De los últimos rayos de sol a la noche cerrada. Cuatro fases de un crepúsculo de un verano ya bien avanzado, cuando los bosques se llenan de voces broncas, ásperas y poco adornadas. La mayoría de las aves forestales ya han terminado de criar, y lo que merodea entre los árboles son volantones inexpertos, de voz destemplada, incapaces de entonar las melodías con que sus padres delimitaron hasta hace unas semanas los territorios de cría.

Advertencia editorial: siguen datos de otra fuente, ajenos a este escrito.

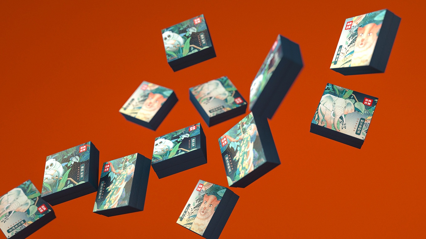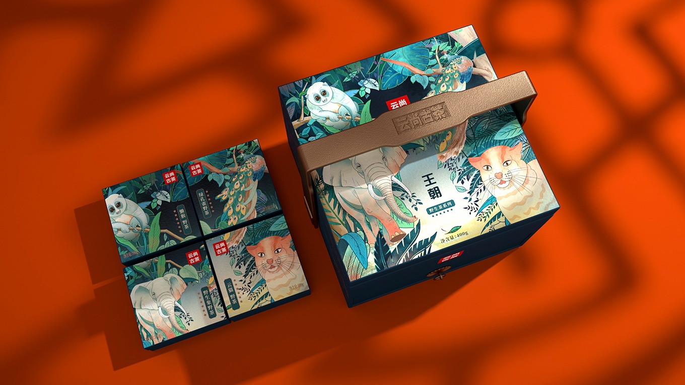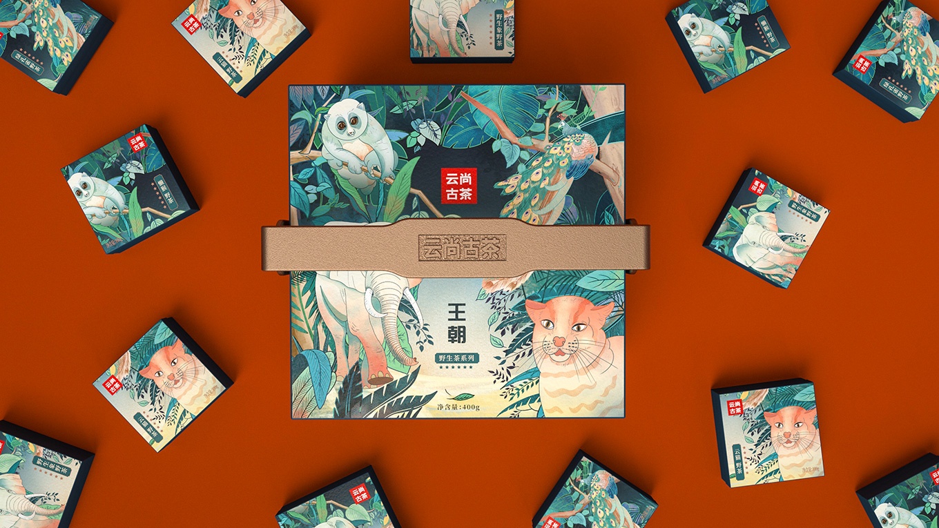 古茶因為生長在原始森林,所以生長環境較為苛刻,產量更為稀缺。產品的稀缺,可以用相應的和古茶共生的保護動物來表現。所以我們選擇了用綠孔雀、野生象、懶猴、云貓這些有代表性的云南珍稀保護動物進行包裝主畫面設計。用原生態的自然元素表現出在原始森林中珍稀野生動物與古茶共生的畫面。在一片綠色的原始森林中,有活力的原始動物、靜謐生長的古茶,交相映襯,使得整個畫面安靜又具活力。而且這樣的設計不僅可以讓人從生態環境角度感受到產品的品質,也可以體現出云尚古茶的獨特和珍貴之處。讓人回味無窮。
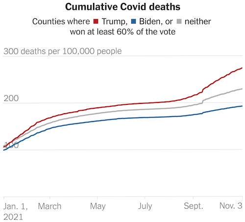 The gap in Covid’s death toll between red and blue America has grown faster over the past month than at any previous point, the NYT reports.
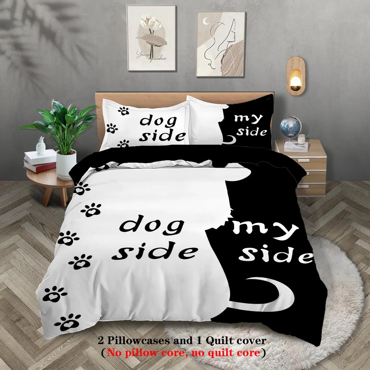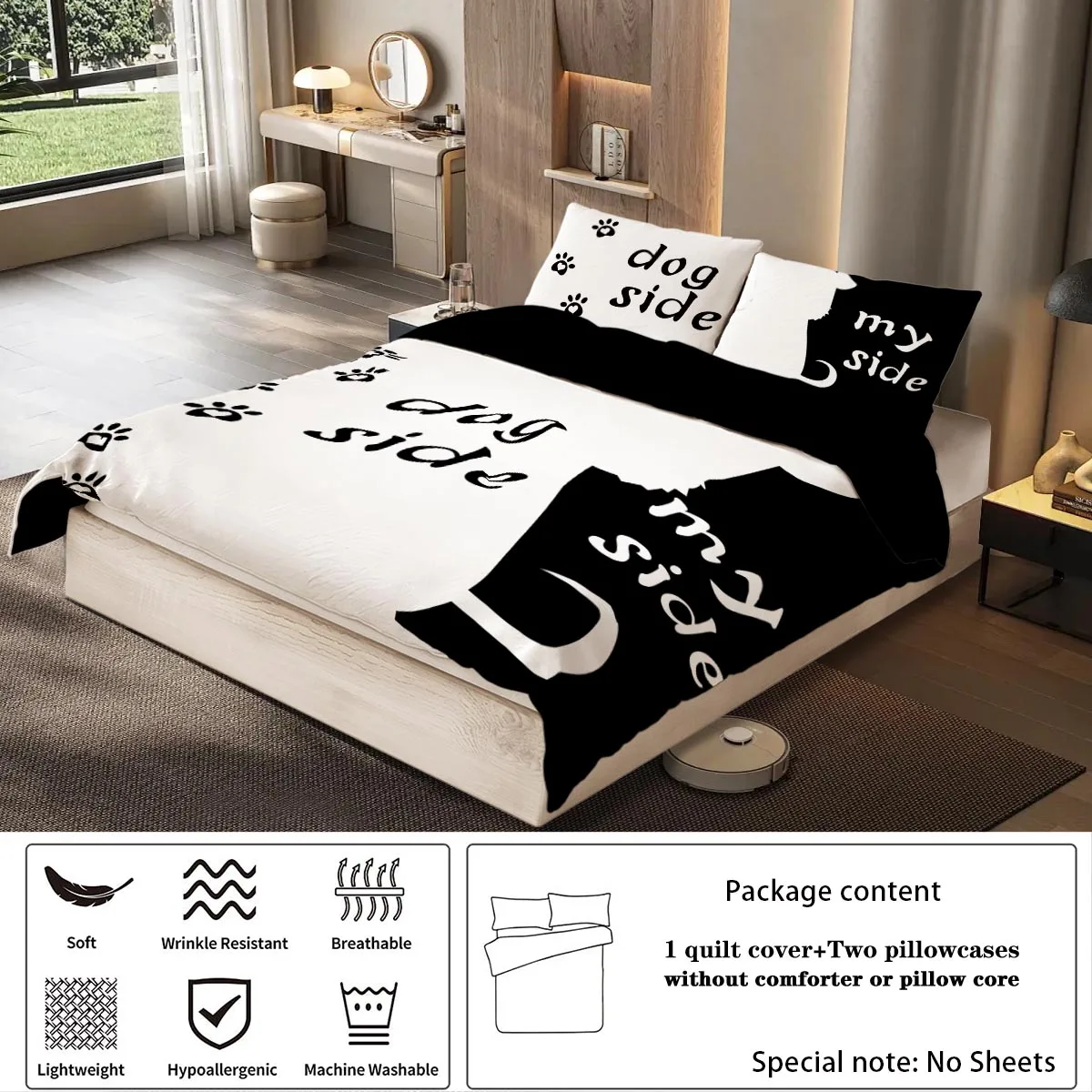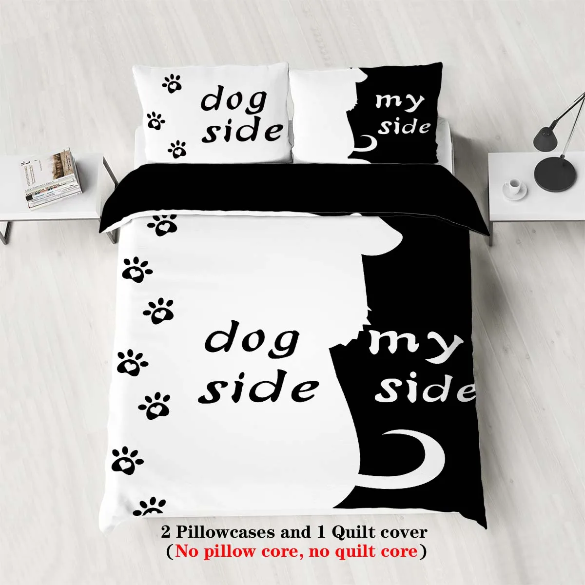 Three-piece set (1 duvet cover + 2 pillowcases, coreless), black and white dog element print bedding set, multiple sizes
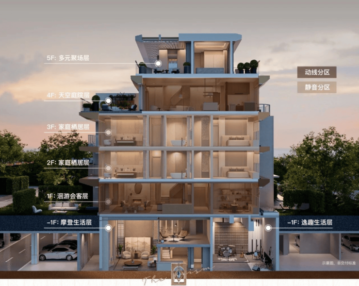 第一个首创,是“二跃三层结构”。上海首个打破传统叠墅两层格局的产品。下叠地上2层加超高层高的奢阔地下空间;上叠从传统的2层加阁楼,变成了真正意义上的3层,而且也同样拥有地下空间,这样一来,顶层不再是“鸡肋”,而是可以随心定义的多功能空间,今天可以是亲子区,明天可以是健身区,后天可以是空中书房。
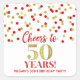 Anima-se a 50 anos de festa de aniversário por etiquetas adesivas com ouro e confete vermelho.
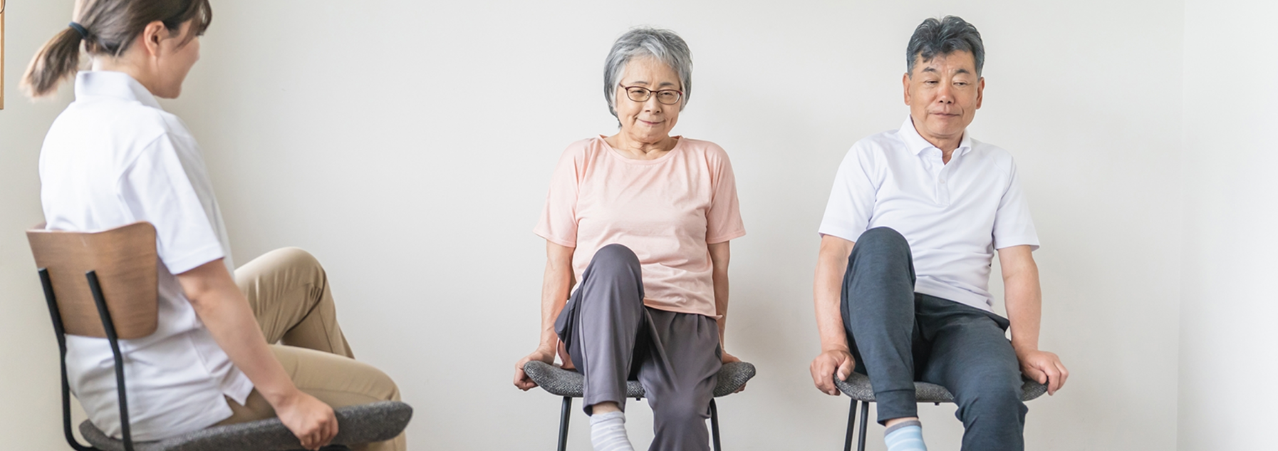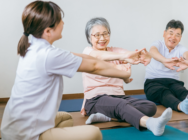 集団体操による身体機能の維持向上と、外出による社会参加を通じての心理・精神機能の安定と活性を図り、地域における自立した日常生活を営むことができるよう支援いたします。
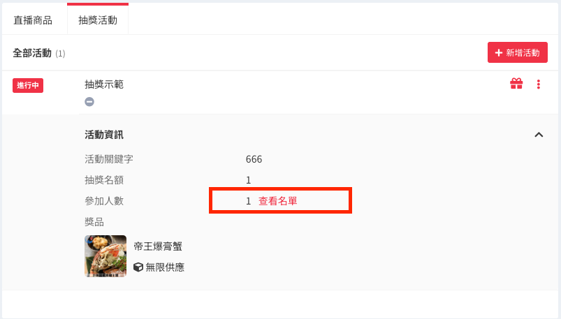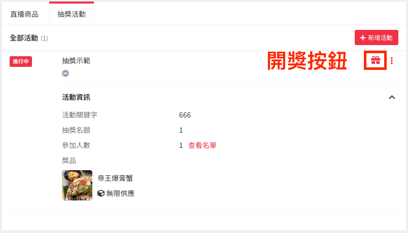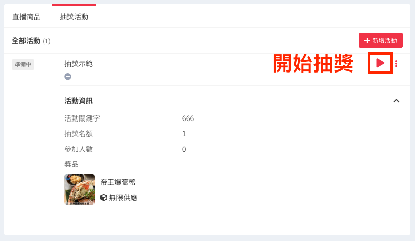 要建立抽獎活動，您可以於直播後台中點擊 「 抽獎活動 」 分頁，點選 「 新增活動 」 即可以開始新增：
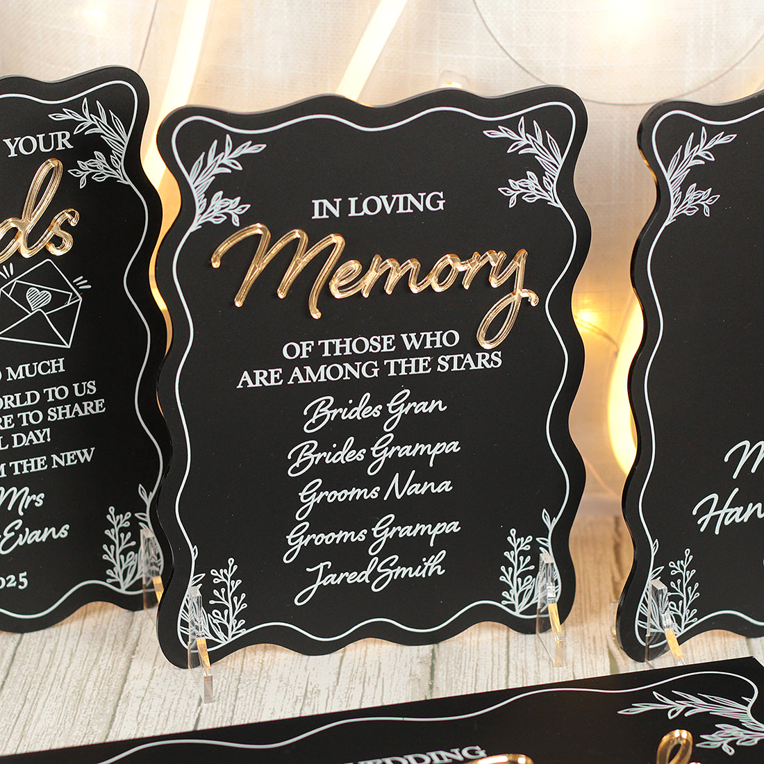 Create WOW factor wedding signage for your big day with our range of Wavy Edge wedding signage. Cut into a wavy edge shape and finished with 3D mirrored lettering, this range of signage is sure to get noticed whilst directing your guests around your venue. Available in a wide range of matt pastel acrylics.
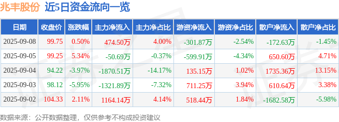 证券之星消息,截至2025年9月8日收盘,兆丰股份(300695)报收于99.75元,上涨0.5%,换手率1.16%,成交量1.19万手,成交额1.19亿元。
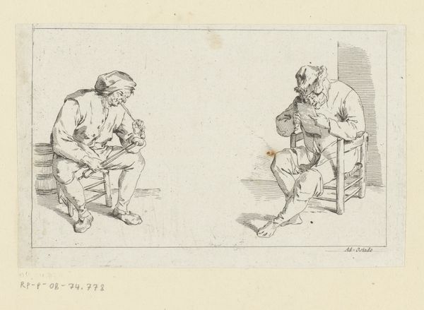 Curator: Coryn Boel's small etching, "Monkey Singing, Accompanied on the Lute by Another Monkey," presents a peculiar scene. I'm struck by how refined the etching itself appears— almost delicate. Editor: It's curious how the artist chose to represent monkeys engaged in such human activity, surrounded by musical scores and drinkware. Is there a deeper meaning here? Curator: Indeed. Monkey imagery in art has often been used to symbolize folly or mimicry, reflecting on human behavior. The presence of music and drink suggests a satirical commentary on indulgence or perhaps the transience of pleasure. Editor: I'm interested in the materiality of the print itself. The fine lines and detailed cross-hatching must have required significant skill and precision on the copper plate. Curator: Precisely! It's worth considering the cultural memory embedded in the use of animal allegories. These monkeys resonate with a tradition of critiquing society through symbolic imagery. Editor: I suppose these monkeys invite us to reflect on our own follies, and the materials invite us to look closer at craft. Curator: A poignant reminder, indeed.
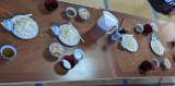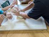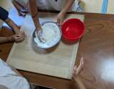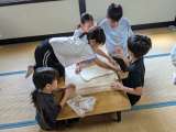4つの班のおうどんを先生たちは食べ比べさせてもらいました。どの班もこねるのがしっ...
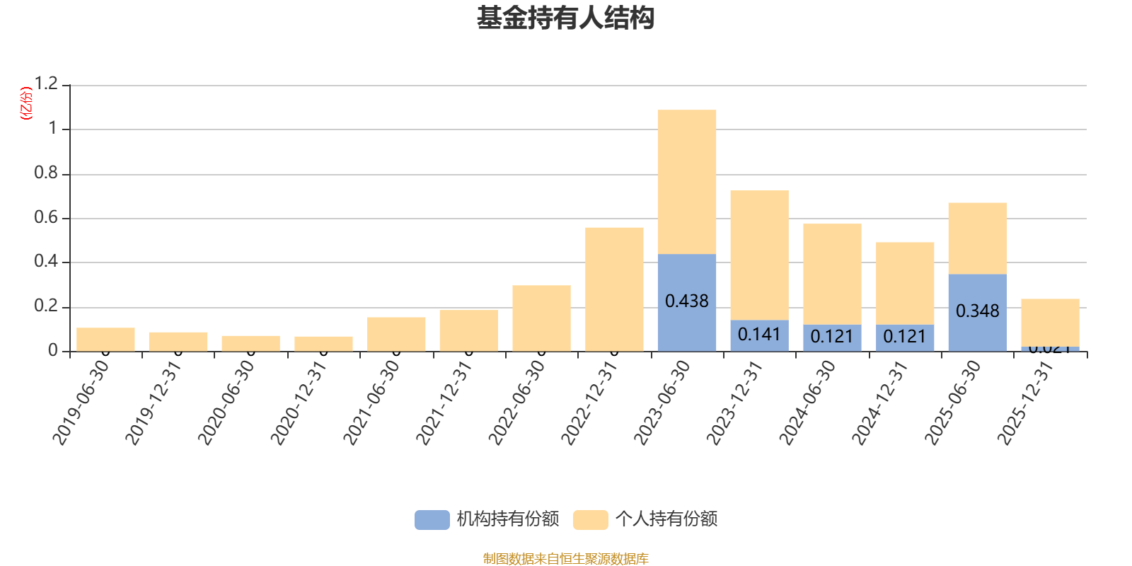 截至2025年12月31日,基金持有人共计2.15万户,合计持有2362.44万份。其中管理人员工持有6.52万份,占比0.28%,机构持有份额占比9.09%,个人投资者占比90.91%。

Hacia las nueve de la tarde, con pocas excepciones- algún arranque de un zorzal, común, siempre melódico- por el bosque sólo corren silbidos y reclamos regañantes de carboneros, petirrojos y pinzones vulgares; además de los gritos, siempre ásperos, de los córvidos, cornejas y arrendajos.
Una hora más tarde, hacia las diez, con las sombras comienza la jornada para una familia de cárabos. Un par de pollos ya volantones silban y gimen hambrientos, mientras cerca de ellos uno de los adultos ulula. Mala señal: por el momento no hay comida. Lejos, en algún claro del bosque, vuela en círculos un chotacabras gris, ave de la noche.
Hacia las diez y media el cielo aún clarea por el oeste, pero el bosque es una sombra envuelta en silencio. Roto por unos ladridos broncos. Los corzos, a contracorriente, andan encelados.